_Listed entries_
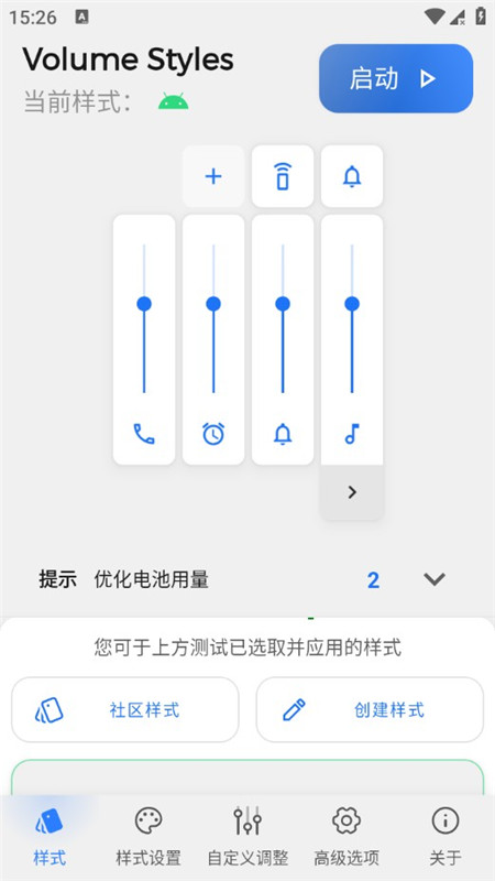 选择后可以在 App 内测试效果。点击屏幕右上角「开始」按钮,Volume Styles 便会接管音量面板。
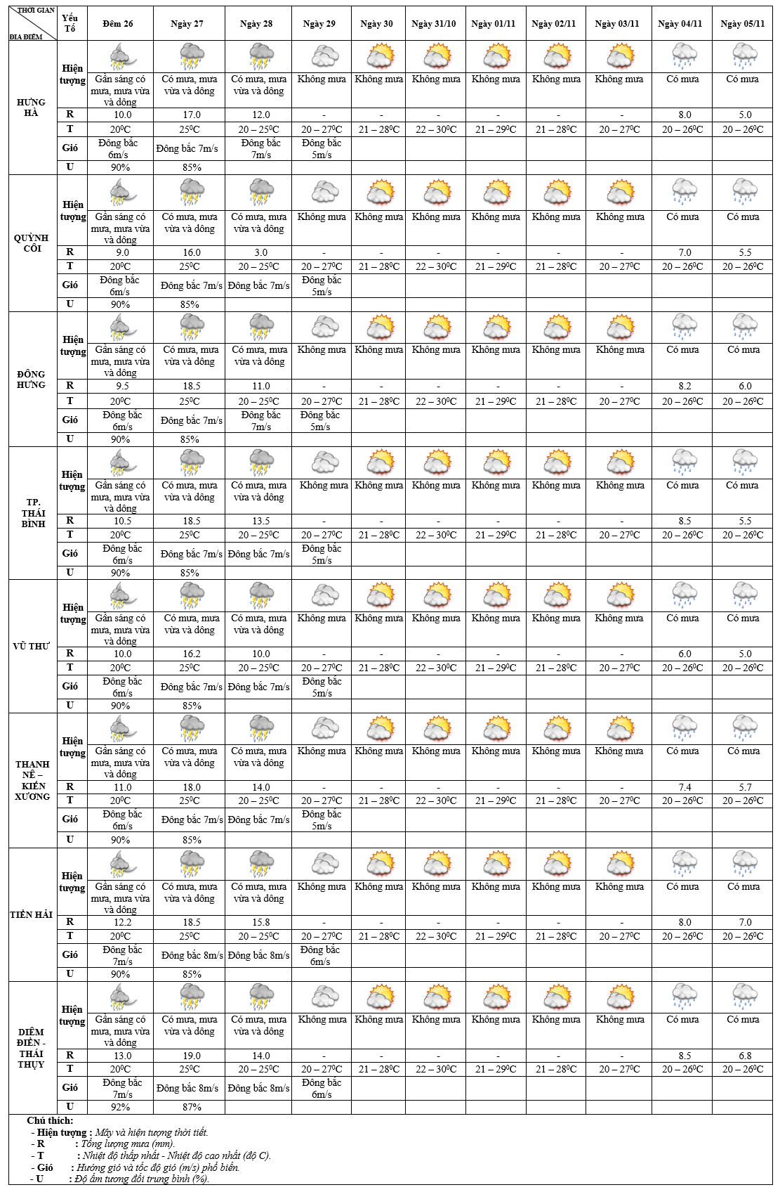 DỰ BÁO THỜI TIẾT ĐIỂM 10 NGÀY KHU VỰC THÁI BÌNH TỪ ĐÊM 26/10 – 05/11/2024
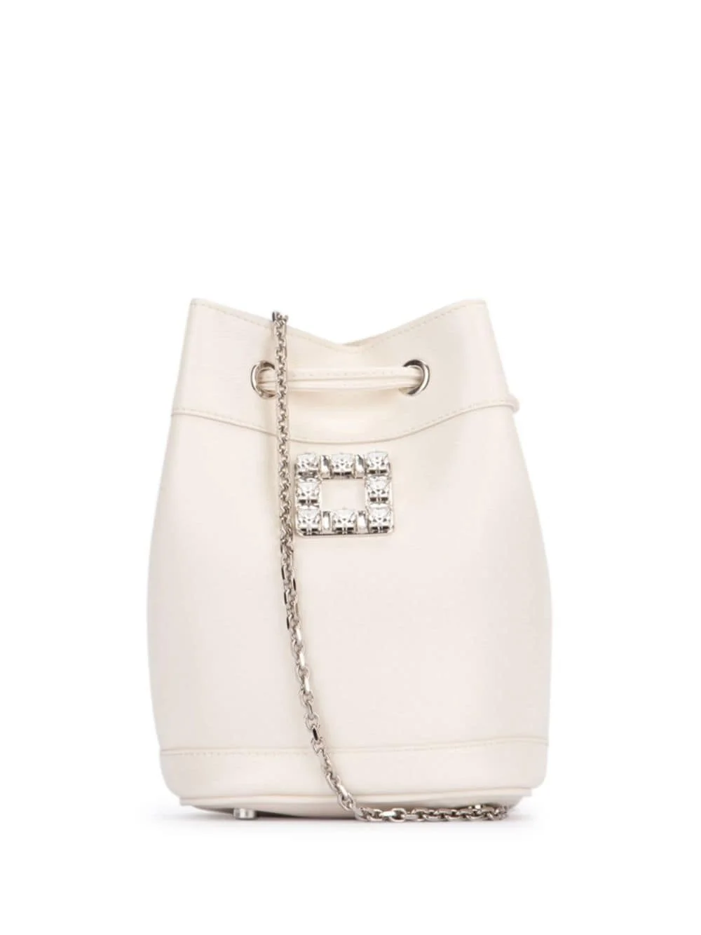 mini bucket bag Highlights - Cream white - Calf leather - Crystal buckle detail - Chain-link shoulder strap - Top drawstring fastening - Main compartment - Metal feet Made in Italy Composition Outer: Metal 100%, Crystal 100%, Calf Leather 100% Lining: Fabric 100% SIZE & FIT Measurement DEPTH 3.93 in(10 cm) HEIGHT 6.69 in(17 cm) WIDTH 6.69 in(17 cm)
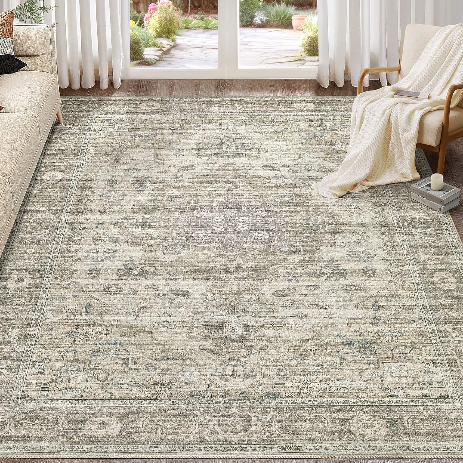 Washable Area Rugs for Living Room -10x12 Neutral Vintage Distressed Floral Farmhouse Boho Large Soft Floor Rug Indoor Non Slip Carpet for Living Room Bedroom Dining Room Office -Brown/Tan
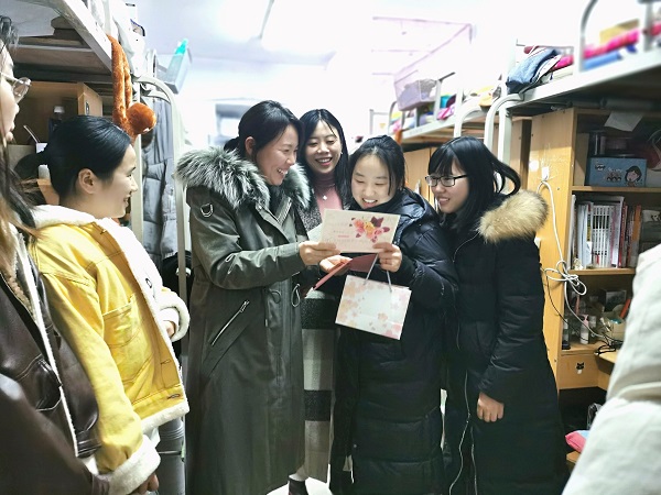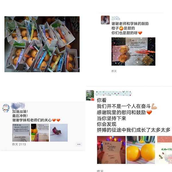 走访过程中,孔祥娟老师向毕业生了解就业和考研中的难题,传达了学院对大家的鼓励和慰问。一是轻装简行,调整状态。经过三年多的专业知识准备,到了考研冲刺期,最重要的反而是心态。二是注意安全,保持健康,顺利完成便是成功。学弟学妹们为每一位考研同学送上了文具、水果和亲手写的祝福卡片。毕业生激动感谢学院老师的关心,并表示将全力以赴,以优异成绩回报学校和老师的期盼。笑谈中毕业生纷纷寄语学弟学妹们要合理规划目标,以奋斗书写四年大学时光。
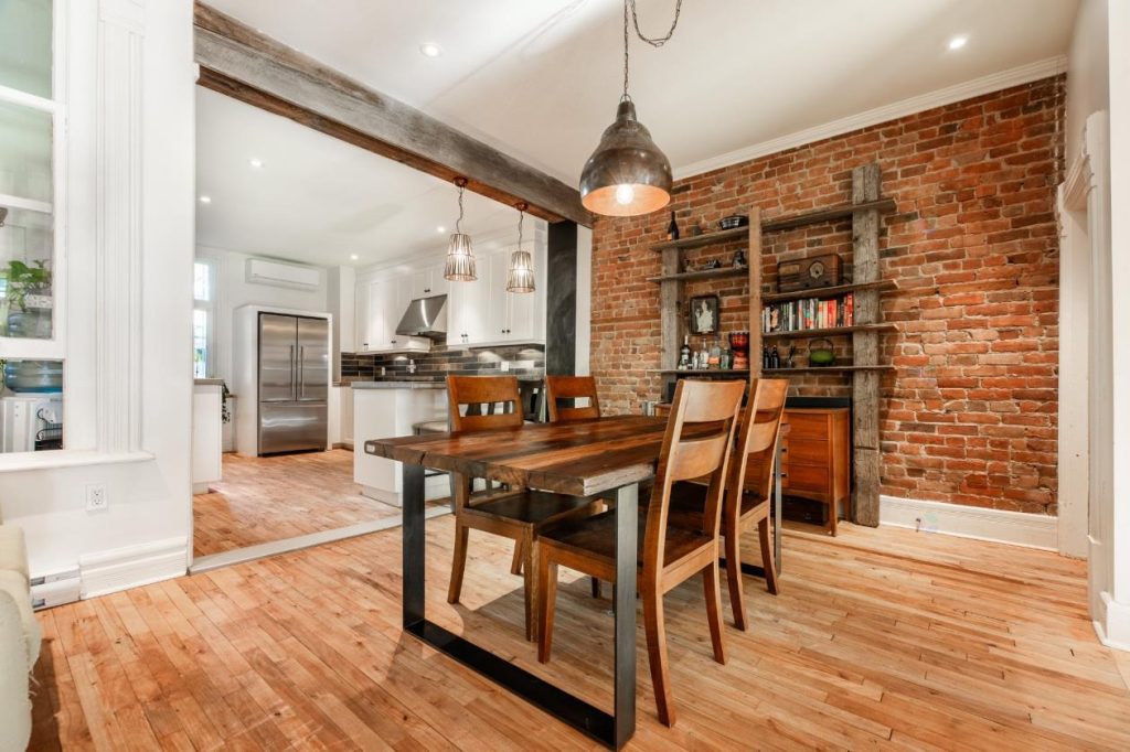 La salle à manger, située à quelques pas, s’inscrit naturellement dans la continuité de cet espace fluide. Elle permet d’accueillir une grande table, idéale pour recevoir famille et amis. Le mur de briques apparentes ajoute une texture authentique et un charme indéniable à la pièce. Cette présence chaleureuse crée une ambiance propice aux longs soupers, aux rires partagés et aux conversations qui s’étirent tard en soirée.

_Task goal_
Take the records above from their first line through the line with "DỰ BÁO THỜI" and set those lines down word for word, minus the pictures.

_Finished exercise_
 选择后可以在 App 内测试效果。点击屏幕右上角「开始」按钮,Volume Styles 便会接管音量面板。
 DỰ BÁO THỜI TIẾT ĐIỂM 10 NGÀY KHU VỰC THÁI BÌNH TỪ ĐÊM 26/10 – 05/11/2024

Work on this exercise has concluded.